Up to eight plasma arc-equipped cupolas will vaporize trash year-round, non-stop. Garbage will be brought in on conveyor belts and dumped into the cylindrical cupolas where it falls into a zone of heat more than 10,000 degrees Fahrenheit. This temperature is sufficient to destroy all organic matter including plastics, drives off all moisture, and greatly reduces the volume of the waste. The process generates a synthetic combustible gas, which will be burned in turbines to produce up to 120 megawatts of power, with fewer emissions than a natural gas power plant. The plasma facility will power itself with about one third of the outputted power, so it won’t be taking any power from the grid. The solid material left over from the process is a chemically inert glassy rock substance, which can be safely used in road construction. The electrical generation process also produces excess steam, which nearby Tropicana Inc. will buy to power their juice manufacturing facility.
Louis Circeo, director of Georgia Tech’s plasma research division, said that as energy prices soar and landfill fees increase, plasma-arc technology will become more affordable.

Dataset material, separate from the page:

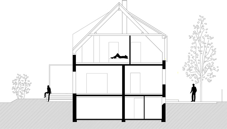Mit seinem Satteldach bleibt der Baukörper der traditionellen Bauweise der 60er Jahr treu, führt die Form aber auf ihre schlichteste, von allem Dekor befreite Erscheinung, zurück. Reizvoll ist besonders, dass die bestehende Struktur des Hauses weitgehend belassen wurde und so der Charme der 60er Jahre ablesbar bleibt.

“Municipal solid waste is perhaps the largest renewable energy resource that is available to us,” Circeo said, adding that the process “could not only solve the garbage and landfill problems in the United States and elsewhere, but it could significantly alleviate the current energy crisis.”
He said that if large plasma facilities were put to use nationwide to vaporize trash, they could theoretically generate electricity equivalent to about 25 nuclear power plants.
Combined with the practice of mining for metals in landfills, this is an excellent solution to the current problem of our increasing stockpiles of garbage. However this isn’t a permanent solution, we must focus on eliminating our production of garbage by:
- making more products and their packaging biodegradable and/or recyclable
- greatly increasing the availability of recycling facilities
- reducing the amount of packaging used
- changing product purchases to product leases, so the products are returned to the manufacturer for proper recycling and disposal instead of being landfilled.